I'm impressed of your findings.
It would have been fun if someone in the future would make a TV Series
of him following his entirely life, think it would have been a smashing hit.

I also compared the three charts as Justin did. My conclusions are equivalent.
The April 2, 742 date is the nearer possible match. As I wrote earlier I will post next week some of the Yogas described for this chart......

Greetings to all

Jacques

What's the point? This is a genealogy site. Astrology and genealogy are two different kind of sciences. Without knowing the exact data, one can only guess and assume things. Let's all agree on the fact that this Great grandfather was born somewhere between 740 and 750 period, untill the precisie data comes available, this is the best we can do. Forget the houses, yogi's, ascendants and other abacadabra, keep on breathing and carry on.

I'm afraid I didn't get the Zealot gene. I'm always surprised when people put energy into being a True Believer or a True Skeptic. I typically think only about whether something is interesting or not interesting, and then only for myself.
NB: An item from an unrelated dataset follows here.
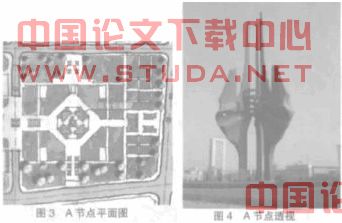 该节点平面如图所示,其本身也可看为是一个大区域中的小区域。由于其所含元素的特异性使得该区域成为整个广场大空间范围内的典型小空间(图3、4)。①领域性。美国人文主义心理学家玛斯洛在《人类动机理论》一书中提出了“需要等级”理论,他认为人类有5种主要需求,由低到高依次排成一个阶层。这5种需求是:生理需求、安全需求、社交需求、自尊需求和自我实现需求。其中自尊需求指的是空间的私密性和归属感。相对于整个广场而言,本区域属于半公共空间。②使用活动分析。人类生来就有“凑热闹”的本性, 喜欢观察别人也希望别人注意自己。使用活动或活动支持和允许这些活动发生的形体环境条件满足了人们的这一要求,他们是相互影响和补充的两个方面。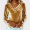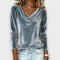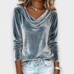 Luxuosa T-Shirt de Manga Comprida em Veludo com Elegante Gola Cascata

So when someone says, "Nonsense" or asks "What's the point?", I understand that there are people in the world for whom that is the important part. I'm just not one of them. I'm interested in medieval culture, as well as medieval history. Those others are people who wouldn't be interested in anything about Charlemagne's life. Not what kinds of foods he ate, what his religious beliefs were, not what language he spoke. For them, the only thing that matters is whether they get to have a famous king in their family -- and even then there are other people in the world who would answer "Who cares?"

There are two ways of approaching the intersection of astrology and history.

People with a knowledge of astrology will think it's interesting to play with the charts of famous people to see how well the predictions match the person's life. Some of them might even think that arguments from astrology might be evidence. Here, those are the people who might come around later and argue that Charlemagne must have been born in 742. In my opinion that would be over reading the evidence. I think it's an interesting footnote to history, but I wouldn't be persuaded to use it as evidence.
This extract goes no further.